A trio of bad WU (11713 & 11432)

Moderators: Site Moderators, FAHC Science Team

Post Reply
ikek
Posts: 13
Joined: Sun Jan 14, 2018 7:13 pm

A trio of bad WU (11713 & 11432)

Post by ikek »

Hello,

I have been folding for a couple of weeks and everything has been running more or less smooth. Once yesterday and twice today I had WU go bad and I am wondering if there are any explanations for this peculiar behaviour. All bad WU's have occured during normal computer (non-gpu intensive) like writing this post. It is somewhat annoying as they have failed at 43, 66 and 17 percent respectively. This hurts PPD.

Below are excerpts from the log. Added is date and project number. I will link full log when I am permitted by the forum to do so.

Code: Select all

13/01/18
19:39:43:WU01:FS01:0x21:Project: 11713 (Run 16, Clone 69, Gen 0)

20:49:53:WU01:FS01:0x21:Completed 3225000 out of 7500000 steps (43%)
20:50:22:WU01:FS01:0x21:ERROR:exception: Error downloading array energyBuffer: clEnqueueReadBuffer (-5)
20:50:22:WU01:FS01:0x21:Saving result file logfile_01.txt
20:50:22:WU01:FS01:0x21:Saving result file log.txt
20:50:22:WU01:FS01:0x21:Folding@home Core Shutdown: BAD_WORK_UNIT
20:50:24:WARNING:WU01:FS01:FahCore returned: BAD_WORK_UNIT (114 = 0x72)
20:50:24:WU01:FS01:Sending unit results: id:01 state:SEND error:FAULTY project:11713 run:16 clone:69 gen:0 core:0x21 unit:0x000000008ca304e75a5a5225898be098

14/01/18
17:06:43:WU01:FS01:0x21:Project: 11432 (Run 0, Clone 907, Gen 3)

19:10:21:WU01:FS01:0x21:Completed 3300000 out of 5000000 steps (66%)
19:10:38:WU01:FS01:0x21:ERROR:exception: Error downloading array energyBuffer: clEnqueueReadBuffer (-5)
19:10:38:WU01:FS01:0x21:Saving result file logfile_01.txt
19:10:38:WU01:FS01:0x21:Saving result file log.txt
19:10:38:WU01:FS01:0x21:Folding@home Core Shutdown: BAD_WORK_UNIT
19:10:40:WARNING:WU01:FS01:FahCore returned: BAD_WORK_UNIT (114 = 0x72)
19:10:40:WU01:FS01:Sending unit results: id:01 state:SEND error:FAULTY project:11432 run:0 clone:907 gen:3 core:0x21 unit:0x000000038ca304e85a5a6c408d14cabf

19:10:52:WU00:FS01:0x21:Project: 11432 (Run 1, Clone 628, Gen 1)
19:10:52:WU00:FS01:0x21:Unit: 0x000000028ca304e85a5a6c657bf2cf7c

19:42:55:WU00:FS01:0x21:Completed 850000 out of 5000000 steps (17%)
19:44:12:WU00:FS01:0x21:ERROR:exception: Error downloading array energyBuffer: clEnqueueReadBuffer (-5)
19:44:13:WU00:FS01:0x21:Saving result file logfile_01.txt
19:44:13:WU00:FS01:0x21:Saving result file log.txt
19:44:13:WU00:FS01:0x21:Folding@home Core Shutdown: BAD_WORK_UNIT
19:44:14:WARNING:WU00:FS01:FahCore returned: BAD_WORK_UNIT (114 = 0x72)
19:44:14:WU00:FS01:Sending unit results: id:00 state:SEND error:FAULTY project:11432 run:1 clone:628 gen:1 core:0x21 unit:0x000000028ca304e85a5a6c657bf2cf7c
bruce
Posts: 20910
Joined: Thu Nov 29, 2007 10:13 pm
Location: So.
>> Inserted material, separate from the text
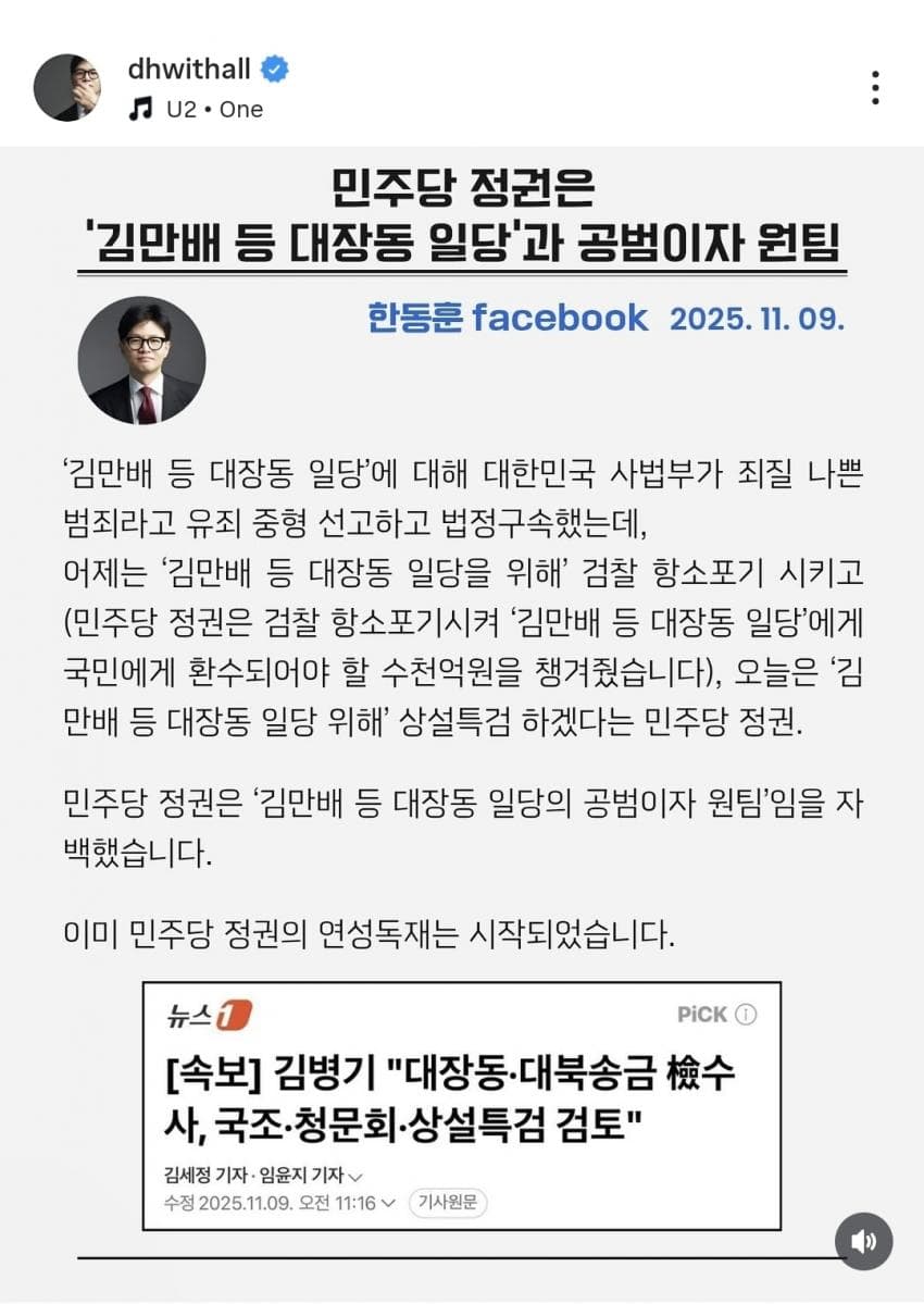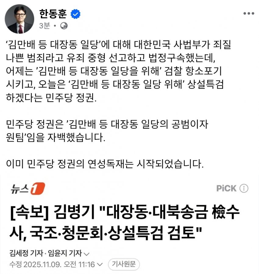 뚜껑이가 지금 발작이유 대장동 사건 조작질에 주범이거든 근데 민주당이 특검 국정감사 법사위 긴급 질의 다 받겠다 응 안넘어가 관려자 다 찾아서 보복 색출할거야 나오니깐 발작말곤 할게 없음 특히 응 우리 기소청 가면됨 하는 검사들에게 재대로 말해줬지 응 심사해서 뽑는거야 기존검사들 100프로 가는거 아니야라고 정치검사들 이제 진짜 아예 입지가 없음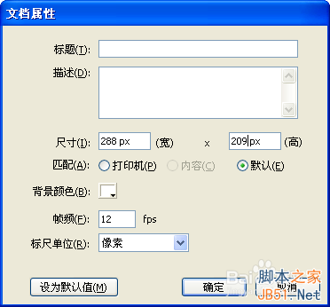 首先新建一个Flash文档。然后在弹出的对话框中设置大小为288像素×209像素。背景颜色为白色等内容。

Cal.

Re: A trio of bad WU (11713 & 11432)

Post by bruce »

The message clEnqueueReadBuffer indicates that your GPU reported an error. The code 5 means CL_OUT_OF_RESOURCES, In fact, that code frequently means that the GPU is reset by the driver. (You'll probably find a report of the driver-reset in the event log.)

Continuing, the driver-reset generally means that the GPU is overheating or is unstable due to overclocking. Reducing the overclock settings general cures either one of them but adding a case fan or increasing the fan speed might take care of it.
Kuno
Posts: 31
Joined: Sat Sep 23, 2017 4:59 pm

Re: A trio of bad WU (11713 & 11432)

Post by Kuno »

Bruce really knows the error codes well. I wish there was a wiki somewhere that we could go to, to find out what these errors mean.
ikek
Posts: 13
Joined: Sun Jan 14, 2018 7:13 pm

Re: A trio of bad WU (11713 & 11432)

Post by ikek »

Bruce really knows the error codes well. I wish there was a wiki somewhere that we could go to, to find out what these errors mean.
I second that there ought to be an overview of typical errors and what commonly causes these readily available. I googled but could not find any reliable information and hence this thread.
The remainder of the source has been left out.